Théodore Verstraete (1850–1907)
La viellée (The Vigil), 1888
Oil on canvas
McMullen Museum of Art, Boston College, Gift of Charles Hack and the Hearn Family Trust

Jeffery Howe
Professor Emeritus, Art History

Verstraete studied at the Royal Academy of Fine Arts in Antwerp, but he abandoned his academic training to paint directly from nature in the open air. Verstraete even built a mobile studio in order to paint landscapes on site. A founding member of dissident artist groups, Les XX in Brussels and the Cercle des XIII in Antwerp, he painted realist scenes of the rural poor. This darkly impressionistic landscape shows figures dressed in black trudging through the snow to keep vigil in a neighbor’s house. The delicate snowflakes contrast with the stolid figures in their dark clothing.
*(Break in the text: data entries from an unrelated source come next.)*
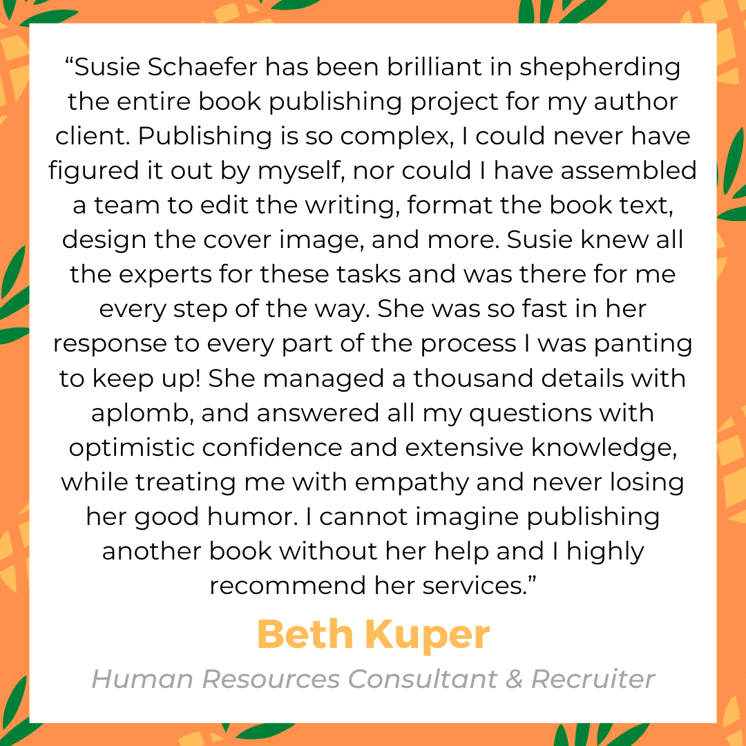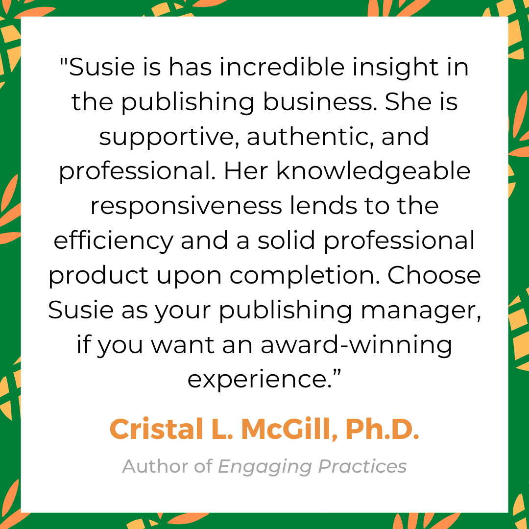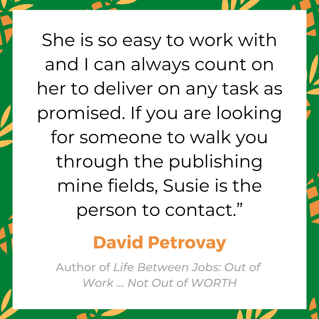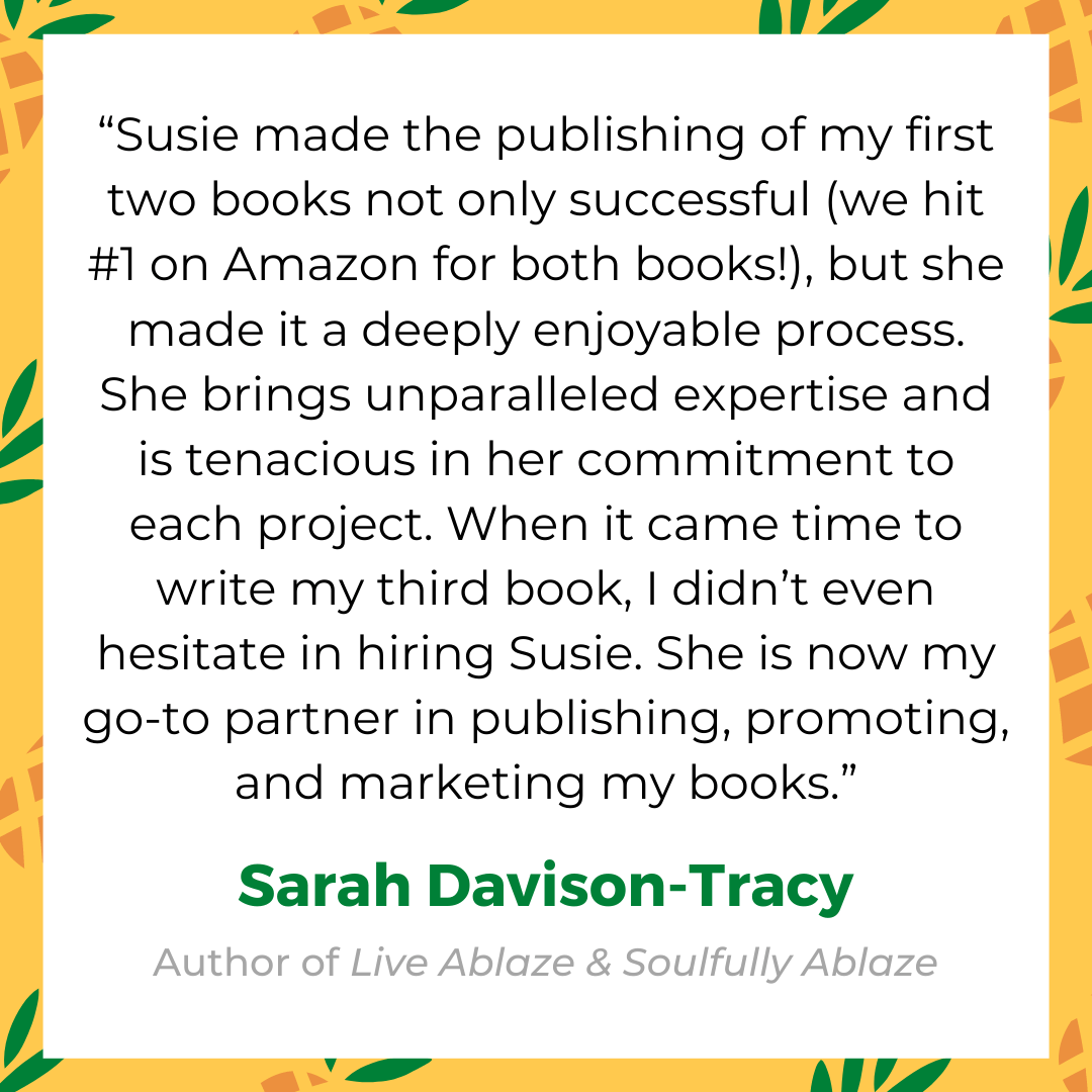 Susie comes to the table with an array of superpowers; her unique combination of business acumen, street smarts, and mystic intuitive gifts to help people see what’s truly possible with no limitations. Her corporate experience working with non-profits, teaching and training in human resources and as a marketing expert, and a stint in radio broadcasting and commercial acting allows Susie to skillfully guide authors through the independent publishing process to finish that dream book, launch a speaking career, or build a business by publishing a book that gets results and gives back.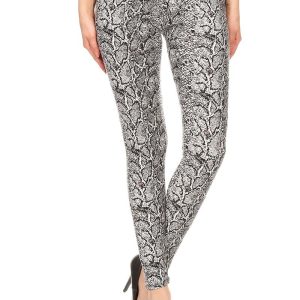 Snakeskin Print, Full Length, High Waisted Leggings In A Fitted Style With An Elastic Waistband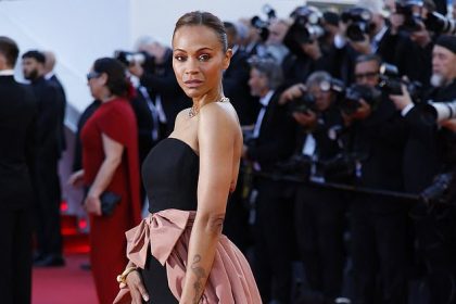 زوي سالدانا تتألق بفستان أسود ووردي على السجادة الحمراء في العرض الأول لفيلم إميليا بيريز في مهرجان كان السينمائي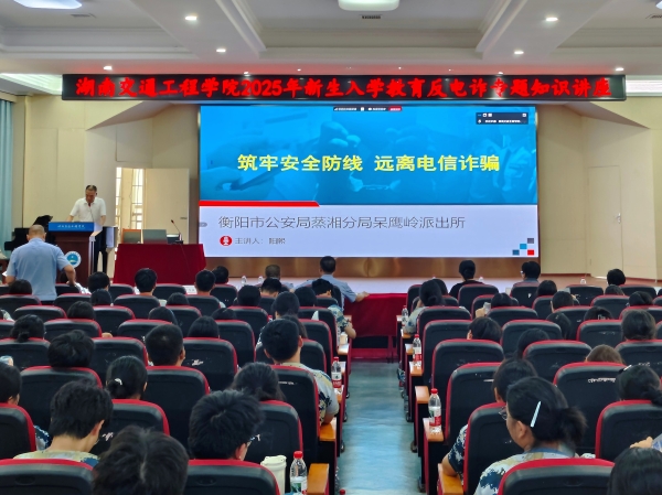 随后,衡阳市公安局蒸湘分局呆鹰岭派出所副所长阳熙作了题为《筑牢安全防线 远离电信诈骗》的专题辅导报告。他结合高校真实案例,深入剖析了网络刷单、冒充公检法、网络贷款、虚假购物、校园贷等常见诈骗类型的作案手法、话术套路与心理操控机制,并系统讲解了“不轻信、不泄露、不转账、及时报警”等实用防范策略。此外,阳熙全面介绍了当前国际国内反电信诈骗的严峻形势与治理进展,阐释了电信诈骗对个人与社会造成的多重危害,还详细解读了我国在推进“反电诈人民战争”中所采取的法律政策、技术反制与群防群治措施。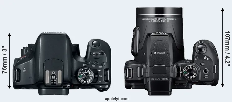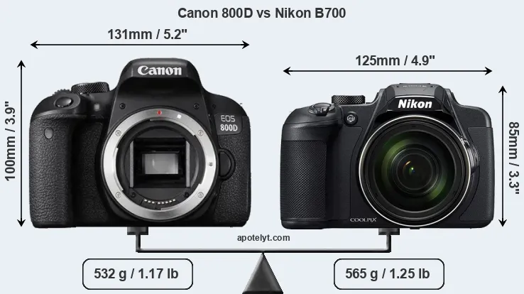 The side-by-side display below illustrates the physical size and weight of the Canon 800D and the Nikon B700. The two cameras are presented according to their relative size. Three successive views from the front, the top, and the rear are shown. All width, height and depth dimensions are rounded to the nearest millimeter.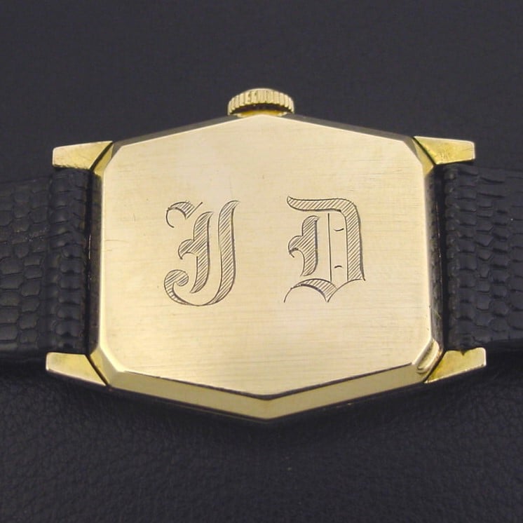 The "Model 497" has a sharply-angled Machine Age design 6-sided case with ribs above and below the dial. It was priced at $37.50 in 1934. It is a scarce model and this is only the second example I have ever offered. It is in crisp, near mint condition with no brassing. Caseback is superb, with a monogram. Case measures 38mm long and 30mm wide. Factory-original new-old-stock dial is superb. Has new glass crystal. Watch is powered by its correct 17-jewel Elgin grade 487 manual wind movement, just serviced and running strong.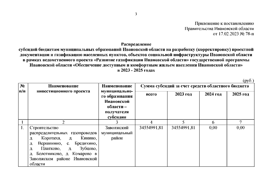 Постановление Правительства Ивановской области от 17.02.2023 N 78-п "О распределении субсидий бюджетам муниципальных образований Ивановской области на разработку (корректировку) проектной документации и газификацию населенных пунктов, объектов социальной инфраструктуры Ивановской области в рамках ведомственного проекта "Развитие газификации Ивановской области" государственной программы Ивановской области "Обеспечение доступным и комфортным жильем населения Ивановской области" в 2023 - 2025 годах"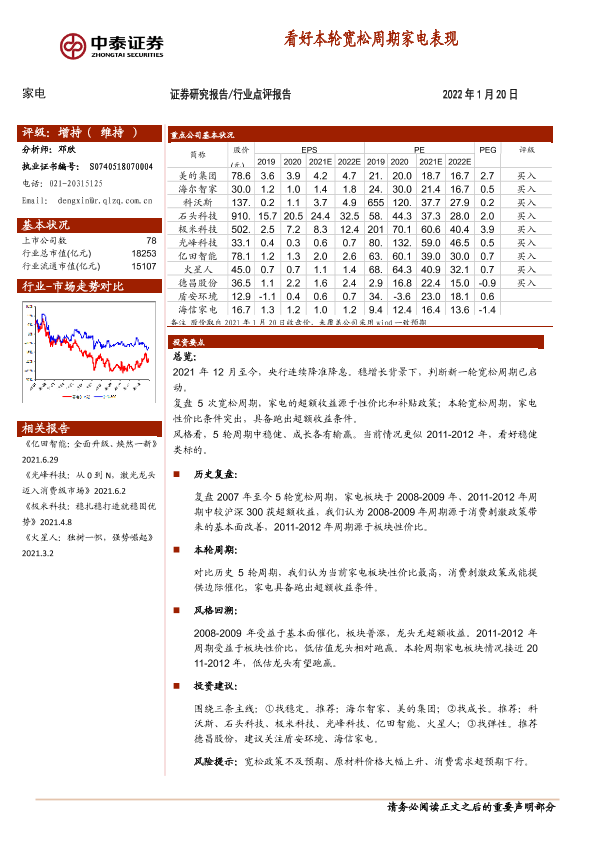 【中泰证券】【20220120】20220120-中泰证券-家电行业点评报告:看好本轮宽松周期家电表现-8页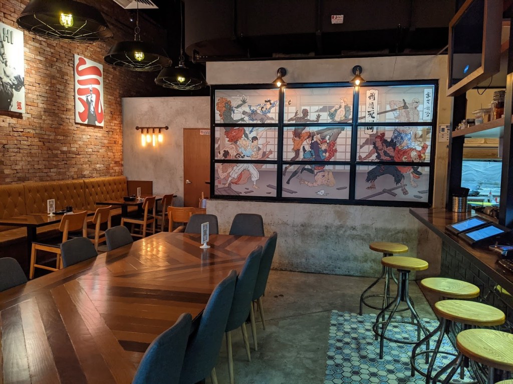 The interior of the restaurant is modern and contemporary with warm lights which help diners to feel relaxed. There is also modern Japanese art decorating the walls to give off the Japan vibes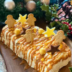 White Chocolate Semifreddo decorated with white chocolate stars,mini gingerbread men biscuits an drizzled with caramel sauce. sliced so you can see in inside.Surrounded by festive decor.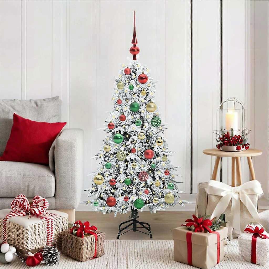 Farbe: WeißMaterial: PE und PVCBaumhöhe: 120 cmDurchmesser unten: 60 cmGröße des Ständers: 30 cmLanglebigLebensechte TippsFaltbarerStänderGelenkige Konstruktion für den AufbauNumber of PE Tips: 43Number of PVC Tips: 196Anzahl der Nadelspitzen: 42Anzahl der Tannenzapfen: 30Anzahl der roten Beeren: 30Anzahl der Christbaumkugeln: 61Lichttyp: Dekorative LichterkettenFarbe der Lichter: Warmes WeißLänge der Lichter: 3000 cmAnzahl der LEDS: 150Abstand zwischen LEDS: 10 cmLED-Blitzmodi: 8Stromquelle: USBBatterien inklusive: NeinSpannung: 5 VDrinnen & Draußen: Verwendung im Innenbereich und geschützten AußenbereichMontage erforderlich: JaLieferumfang:1 x Weihnachtsbaum1 x zusammenklappbarer Ständer1 x LED Lichterkette1 x Spitze20 x 3 cm Kugel21 x 4 cm Kugel20 x 6 cm Kugel Dieses Produkt wird mit 5 V Gleichstrom betrieben, aber die zertifizierte 5-V-USB-Stromquelle ist nicht im Lieferumfang enthalten. Eine höhere Spannung kann zu einer Überhitzung führen und das Gerät beschädigen sowie das Risiko von Überhitzung und Brand verursachen.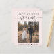 Operações de rosa claro favoráveis ao orçamento ou anúncio de casamento privado e convite de festas de recepção ou celebração. A frente apresenta "Felizmente, Sempre Depois da Festa" na tipografia moderna e um roteiro de na moda com balsas, sua foto, nomes e data de casamento. No verso, personalize seu anúncio de casamento e seu convite de recepção em mais detalhes, faça o upload do seu site de casamento QR code para os convidados digitalizarem suas fotos de casamento, todos os detalhes e para RSVP on-line, e adicione seus nomes em um roteiro semelhante a assinatura.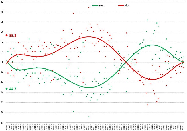 Polls on the second Independence referendum have been quite disappointing this year. An uninterrupted streak of 23 Yes leads was brutally interrupted in early February. Then we had a sequence of swings form No to Yes to No until mid-March. There weren't enough polls showing No in the lead for a long enough period of time to drag the trendlines to a sustained No majority. But that does not make them look really better. The polls fielded from mid-March to mid-April remain quite worrying, with Yes very far from the double-digit leads it enjoyed in every other poll not so long ago. And the weighted average of the most recent batch of polls has been flatlining at aboot 51-49 for Yes for some weeks now. Uncomfortably close, innit? But we can only hope that the Holyrood campaign will boost the Yes vote. First Nicola Sturgeon and Patrick Harvie are like pig and blanket when discussing it during a debate, and ticking all the right boxes to get the message through. You can doubt their actual commitment to Independence, and I do, but you can hardly find fault with the current talking points. Oor Doogie Ross and Wee Wullie Rennie are also of great help, though unwillingly. Doogie only makes an arse of himself every time the issue comes up. Wullie was successfully baited by Nicola into admitting that all his significant manifesto pledges could only be implemented with Westminster's approval, thusly making the case for Independence against his own will. And Labour are obviously moving towards endorsing the principle of a second referendum, if not Independence itself. All Anas Sarwar has to do is acknowledge that Double-Devo-Max Federalism might be the sunlit uplands in some alternate reality, but will definitely never work in this one. Of course, we also need a strong Yes movement from the grassroots, ready and willing to campaign tirelessly whatever the result of the election and the shortcomings of the next Scottish Government. In the end, it's aw up tae us.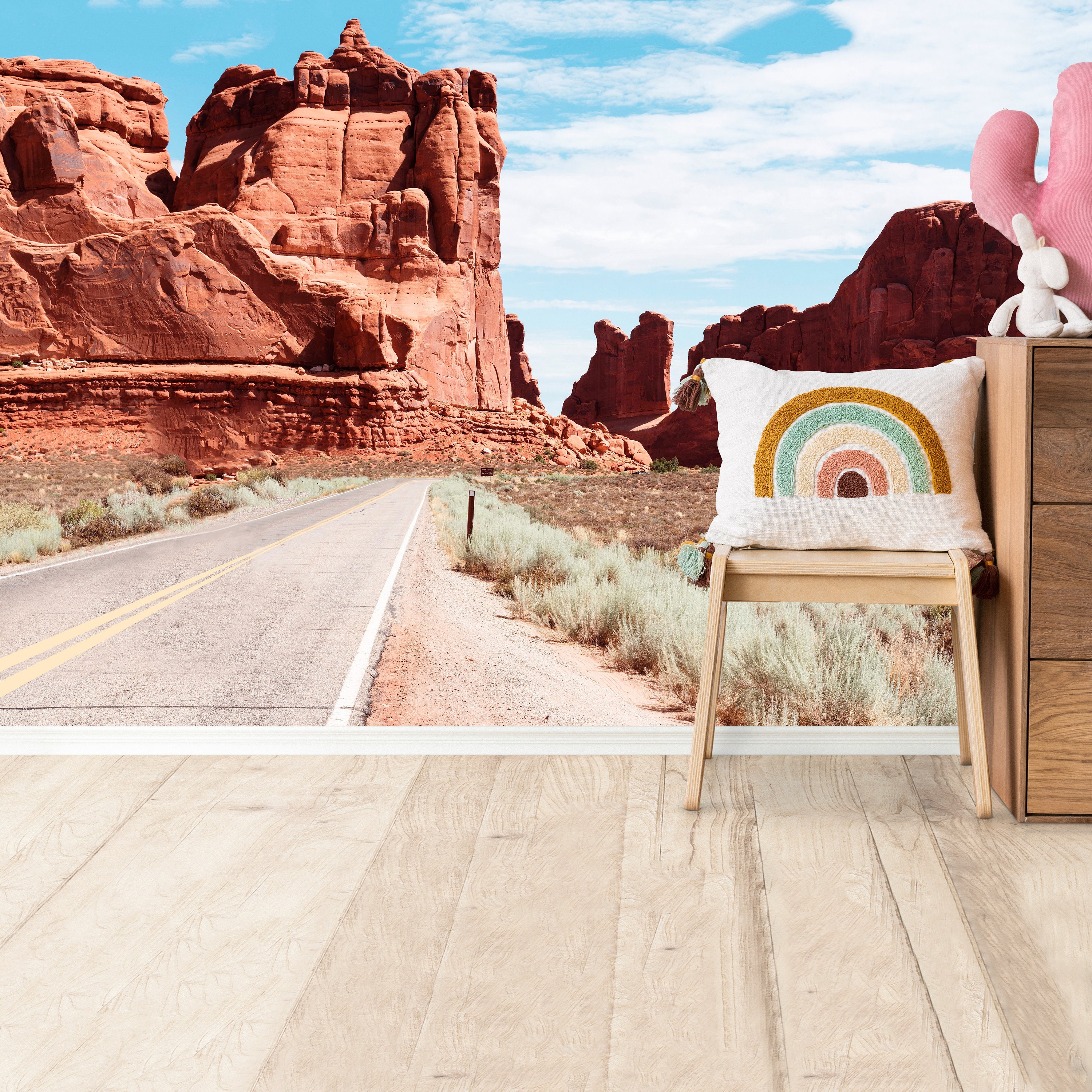 "Transform your bedroom into a breathtaking desert oasis with this removable Canyon Wallpaper m...
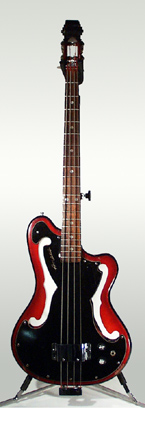 AMPEG/DAN ARMSTRONG AMPEG | ELECTRIC BASS: SCROLL BASS REISSUE SERIES | In 1997, Ampeg offered the AEB-2 and the AUB-2 . Designed and developed by Bruce Johnson (Johnson's Extremely Strange Musical Instrument Company of Burbank, California) in cooperation with Ampeg beginning in 1995, the first prototypes were completed in November, 1996. Rather than just release a historic reissue, Johnson sought to marry the eye-catching original body design to state-of-the-art electronics and neck construction. | AEB-2 (FRETTED) | - offset double cutaway western ash body, bolt-on rock maple neck, 35 in. scale, 20-fret ebony fingerboard with white dot inlay, scroll headstock, aluminum bridge, brass tailpiece and nut, 2-per-side Schaller tuners, chrome hardware, humbucking magnetic pickup, bridge-mounted piezo pickups, 2 volume/tone controls, 3-position tone select switch, available in Solid Black (Model AEB-2 BL), Black with Natural Neck (Model AEB-2 BT), Natural (Model AEB-2 NT), and Sunburst (Model AEB-2 SB) finishes, mfg. 1997-2000. |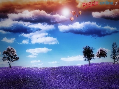 Puzzle Chmury, Fioletowa, Łąka, Balony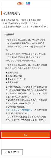 「eSIM再発行手続き」のページにアクセスしてau IDとパスワードを入力します。

His fellow artist, Fernand Khnopff, writing in the Studio in 1897, suggested a spiritual dimension to these scenes of everyday life and the Belgian landscape: “Verstraete has treated landscape not from the colourist’s point of view alone. He has grasped and recorded the spirit of the soil in its subtlest aspects and in his most characteristic manner, and with all possible delicacy and intensity of feeling revealed the close connection between Man and the Earth he inhabits.”